Because one can never be sure of a player's actions, music and videogames will never be able to posses that familial bond that music and cinema do. The closest the two will ever be is in the cutscenes, the non-game parts of a game. In exchange for control, artistry and impact must be sacrificed. Although they are a burgeoning sandbox for new stories and ideas, games will never approach film or even television in terms of artistry due to this dichotomy.  Something which is such a vital component to other visual media will never be a major part of videogames. This problem can never be rectified, by the very nature of these games and their need for interactivity. The level of artistry can simply never compete. No matter how hard videogames overcompensate, the gap can't be bridged, and that's a shame.
Posted by JJWeatherman

too looong. don't worry i'll read it (and maybe even post) tomorrow. I like reading stuff on this forum. Seems like a lot more interesting stuff here then most places.

Edited by Tru3_Blu3

Gears of War2 did a phenomenal job with it's orchestral score. It followed the lines of almost every action within every cutscene and section of gameplay. I think it is possible to bridge the gap, that is unless you give the composer the script and see how the composer visions the scenes; causing him to create music.
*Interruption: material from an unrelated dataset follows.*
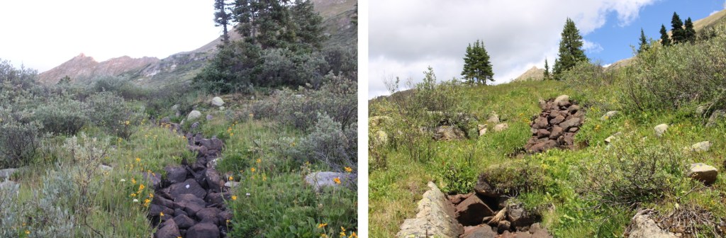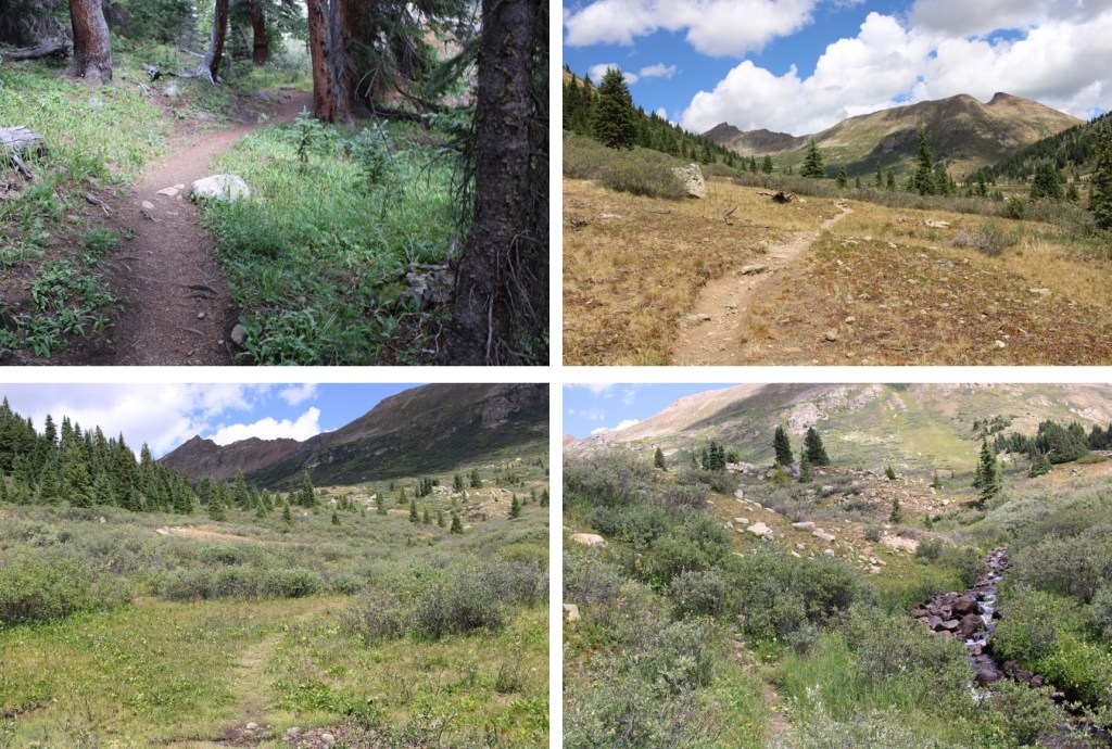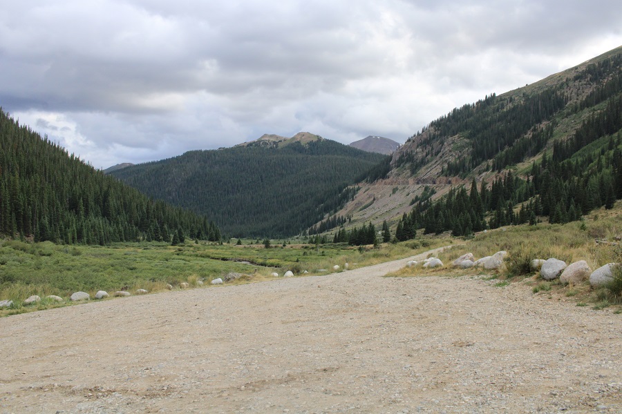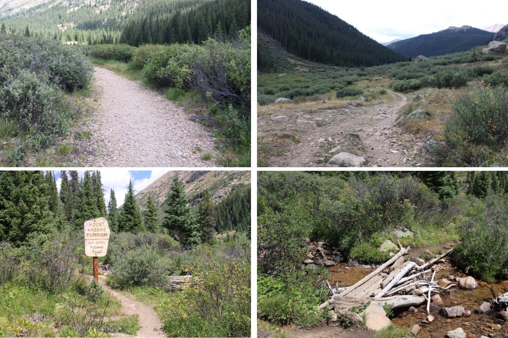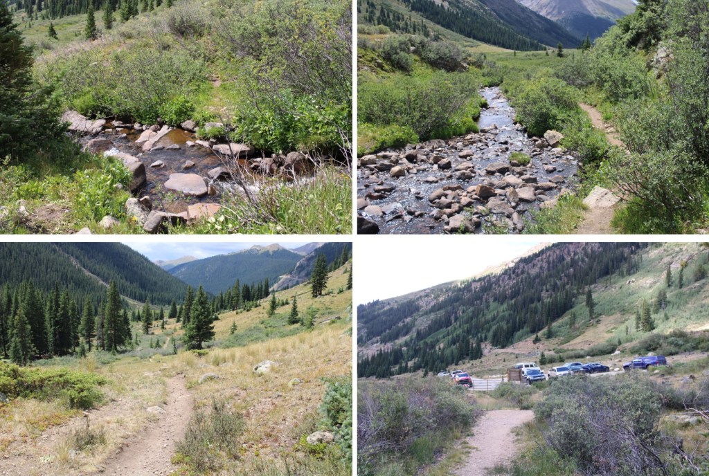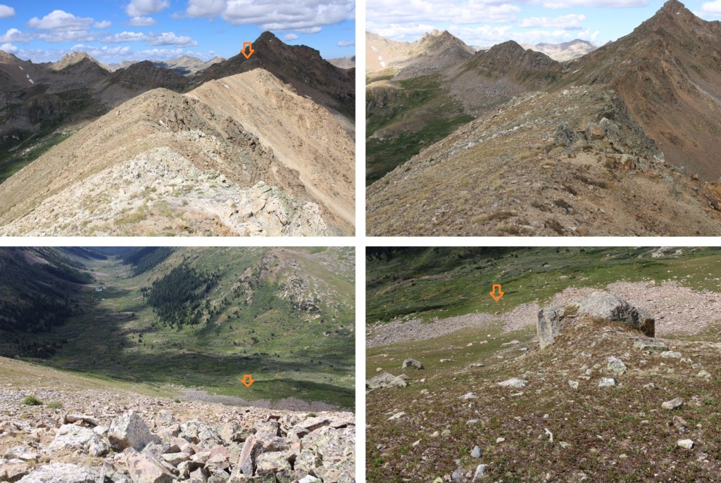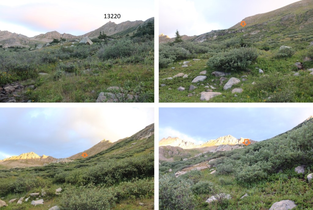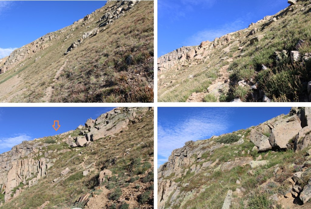 I followed the ridge until I made it to just before where I’d accessed the gully from 13220. Instead of heading down that way, I descended south into the basin below. This was the same way I’d ascended earlier that morning. This would be a good option if just doing 13291. It’s class 2, and led me into the basin. I aimed for the thinnest section of rock below. The entire time I was hiking down, I was looking for the dry creeks that led me in, knowing they’d eventually bring me back to the creek crossing and the trail. They were easy to spot from above.

I do agree that music in games, in general, are very unappreciated. I never ignore music in games. I think that's what creates the world of a game's story. If there isn't music in a game, there is no world. There is no character. There's nothing.

I think the Halo series innovated the way we witness music during gameplay scenarios. If you killed every enemy in the vicinity, or escaped a specific area, the music would automatically stop with a final note or a fade out. Games in the past have always did loops with their music; Half-Life is one example.

Posted by RandomHero666

Some games do music very well, such as Final Fantasy, but everyone knows i'm a FFVII fanboy so i won't go there.
Another of my favorites is Half Life 2, just as the action starts heating up, so does the music, with fast paced energetic techno type music, Valve did this so well.
Similar to that, is the Halo series, theres nothing more enjoyable than getting into a tense battle only for music to start up, makes it so much more enjoyable than just hearing gun shots.

Great blog Lies

Posted by Red

Great blog. I'd say the majority of the tracks on my iPod are video game songs. I think music in games, movies and TV shows is great because they're matched with a specific feeling the medium gave you. It's the memorable moments of playing games that are triggered by music.